======== RECORDS SUPPLIED
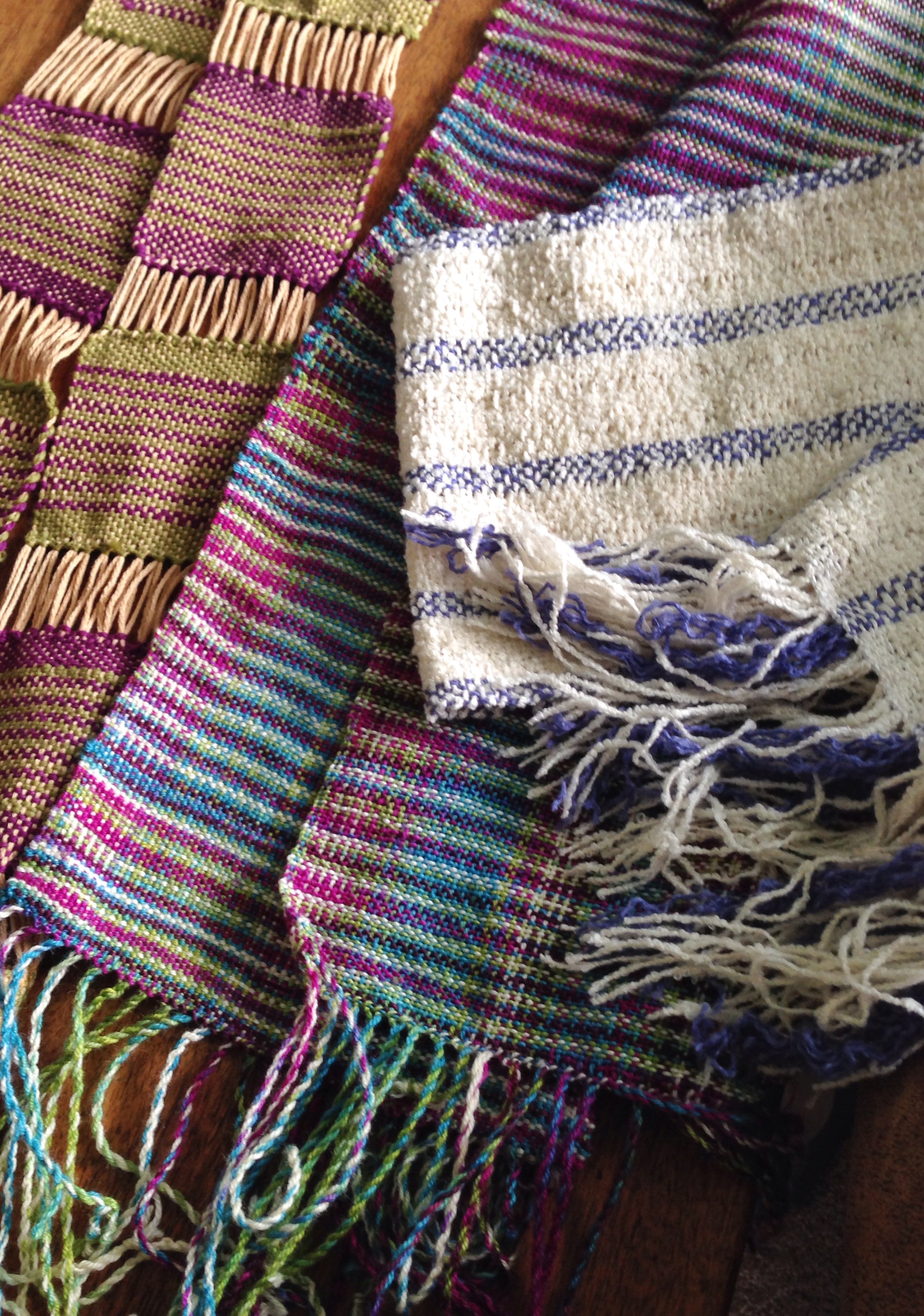 I am a fortunate person in that I have friends – people whom I love and who love me, and we support each other. I never, ever take that for granted. I thought of this today as I finished up the 3 weaving projects I’ve been working on. Currently taking a bath, waiting for wet-finishing, they will be given to people who will know that a hand-made gift is from my heart, and they will cherish these pieces. I’m happy that they are turning out a LOT better than my first projects, as I have studied and practiced weaving, now! I’m really happy with how they are turning out, and will get both of my rigid heddles warped for more projects before the day is out.
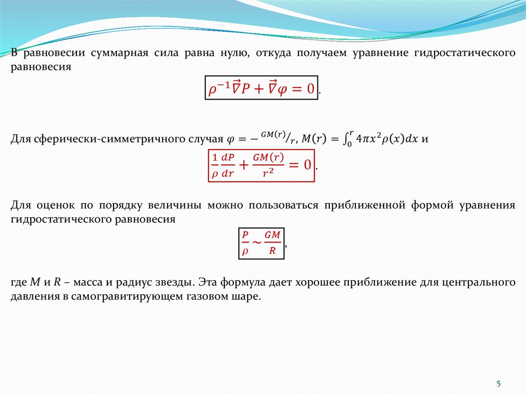 4. Стационарные звезды. Гидростатическое равновесие
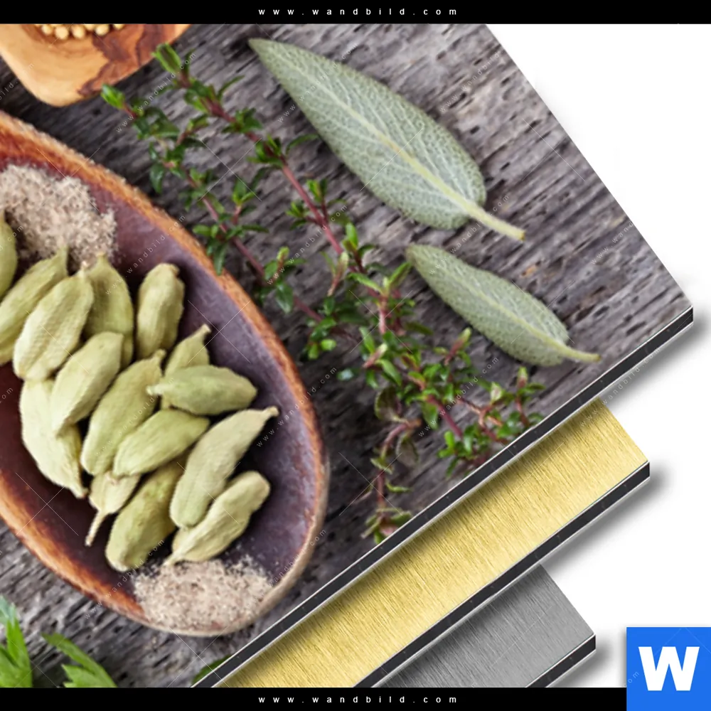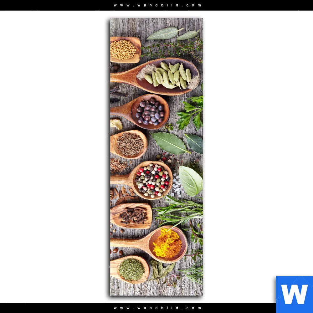Aluminiumbild gebürstet | Gewürze auf Holzlöffeln | Schmal
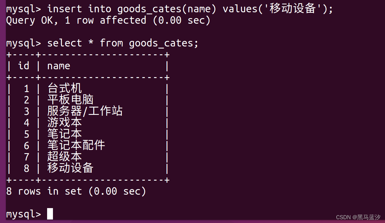目前只有一个goods表,我们想要增加一个商品分类信息(移动设备),只通过goods表无法完成商品分类的添加,那么如何实现添加商品分类信息的操作
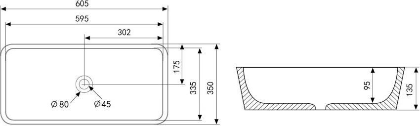 Раковина-чаша Abber Rechteck 60 см AC2204MW, цвет белый матовый.
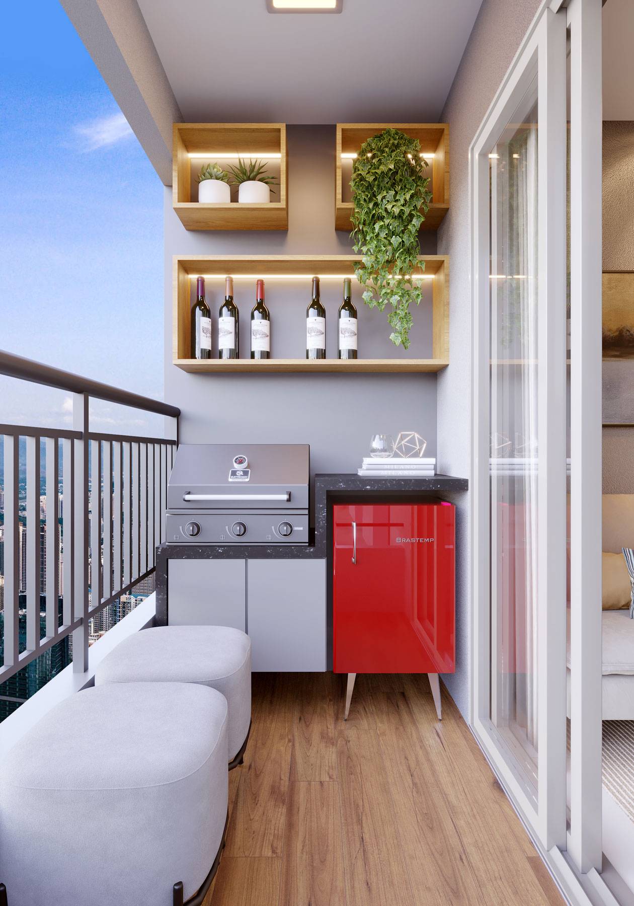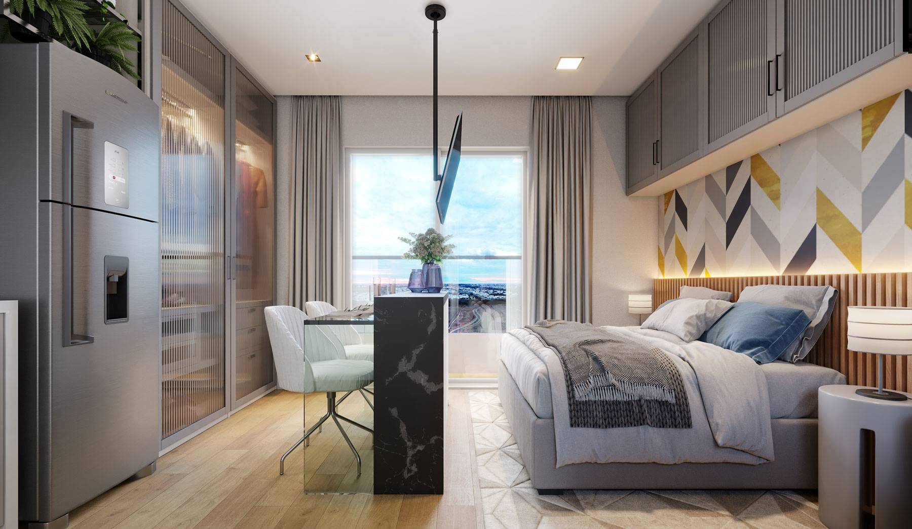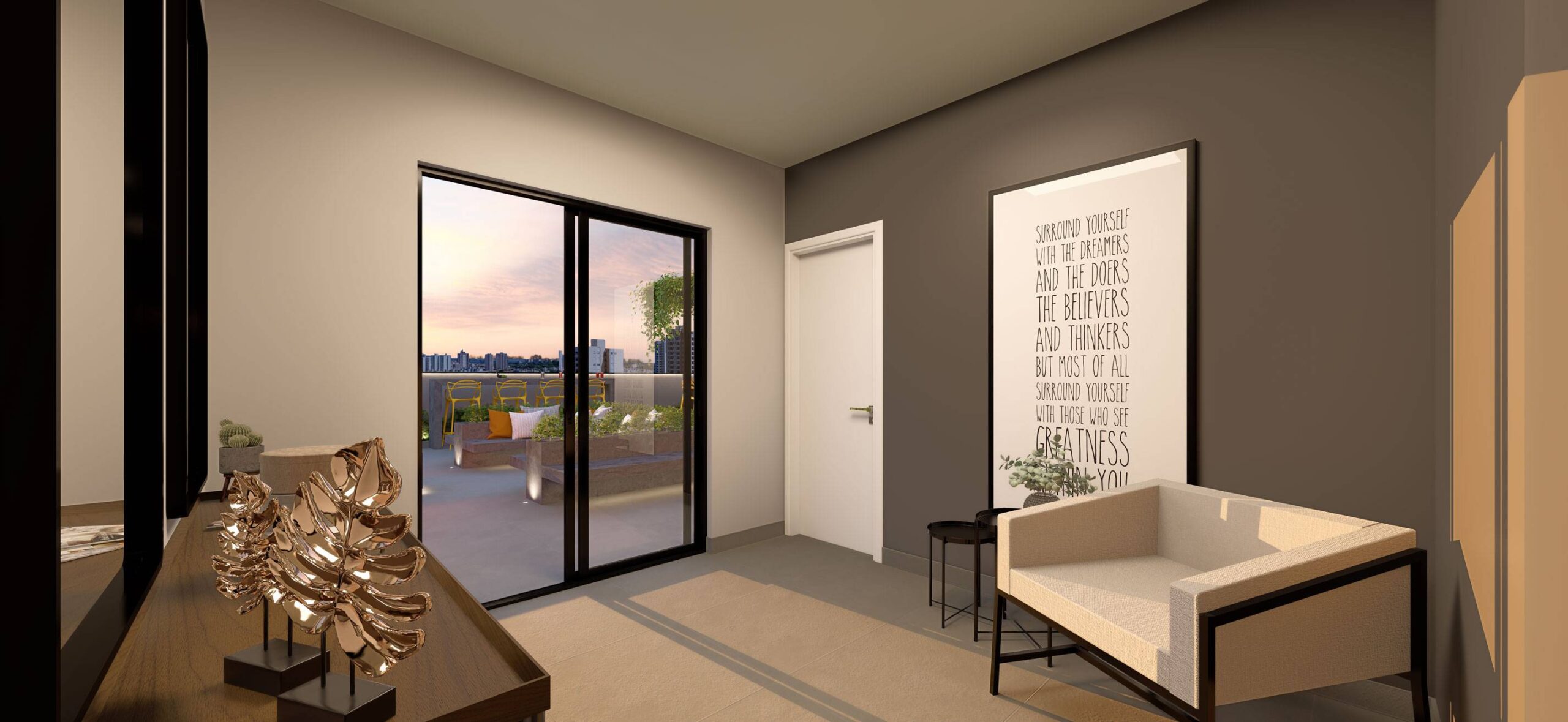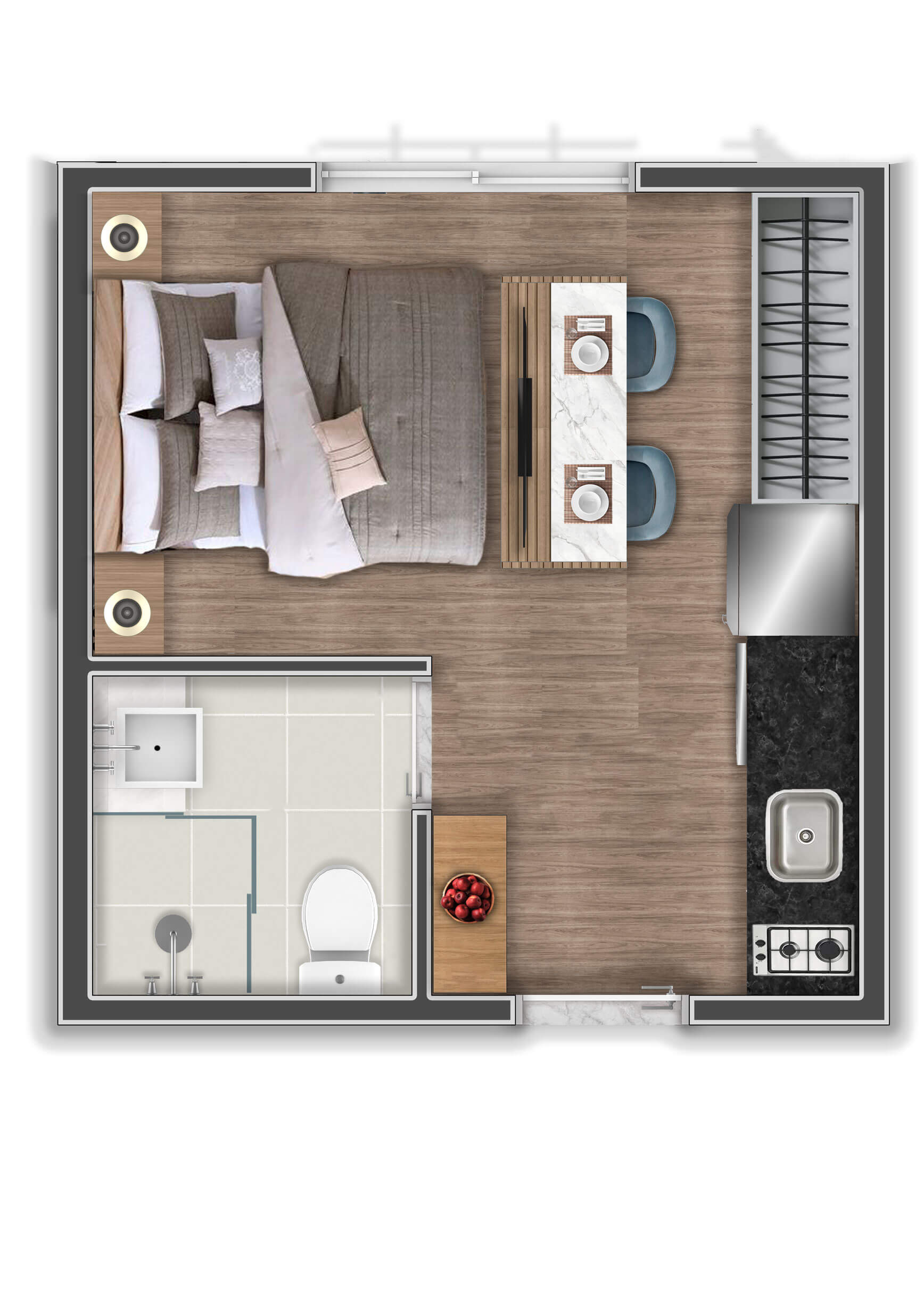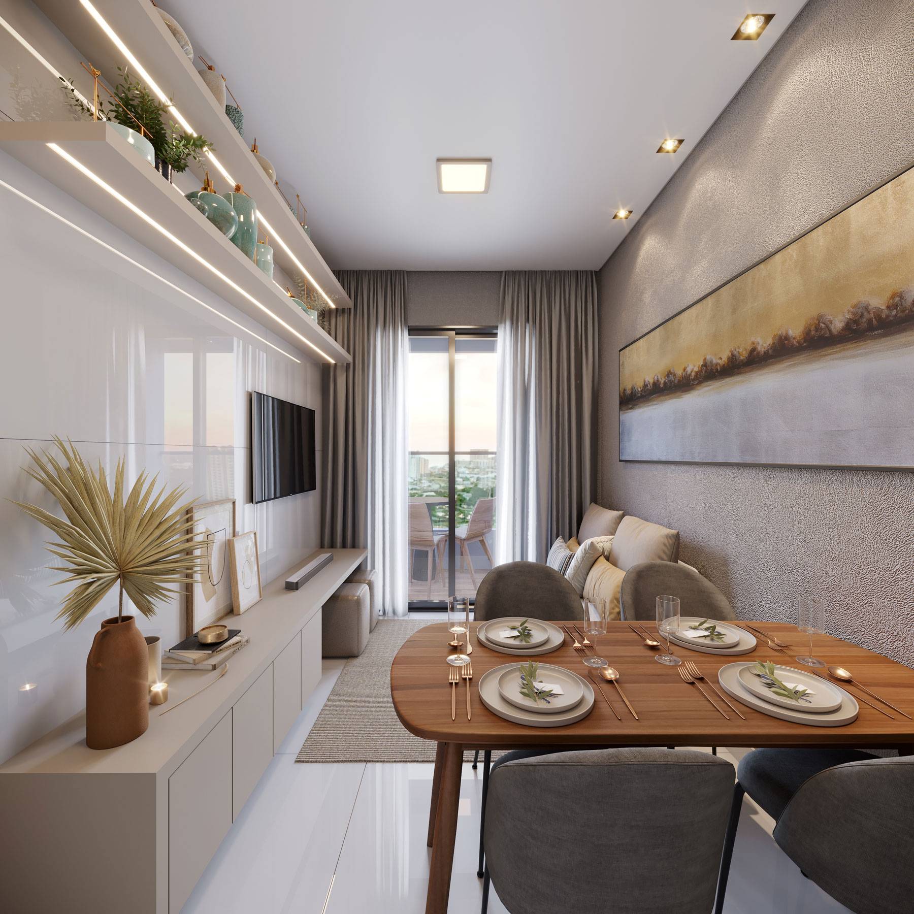A decoração é mera sugestão. Mobiliários, utensílios e equipamentos, não fazem parte do contrato de compra e venda. Acabamentos e revestimentos serão entregues conforme memorial descritivo , disponível em nossa central de vendas
================
Would you please repeat all the data word for word, but without the pictures?

### [RESPONSE TO THE EXERCISE]
 I am a fortunate person in that I have friends – people whom I love and who love me, and we support each other. I never, ever take that for granted. I thought of this today as I finished up the 3 weaving projects I’ve been working on. Currently taking a bath, waiting for wet-finishing, they will be given to people who will know that a hand-made gift is from my heart, and they will cherish these pieces. I’m happy that they are turning out a LOT better than my first projects, as I have studied and practiced weaving, now! I’m really happy with how they are turning out, and will get both of my rigid heddles warped for more projects before the day is out.
 4. Стационарные звезды. Гидростатическое равновесие
Aluminiumbild gebürstet | Gewürze auf Holzlöffeln | Schmal
目前只有一个goods表,我们想要增加一个商品分类信息(移动设备),只通过goods表无法完成商品分类的添加,那么如何实现添加商品分类信息的操作
 Раковина-чаша Abber Rechteck 60 см AC2204MW, цвет белый матовый.
A decoração é mera sugestão. Mobiliários, utensílios e equipamentos, não fazem parte do contrato de compra e venda. Acabamentos e revestimentos serão entregues conforme memorial descritivo , disponível em nossa central de vendas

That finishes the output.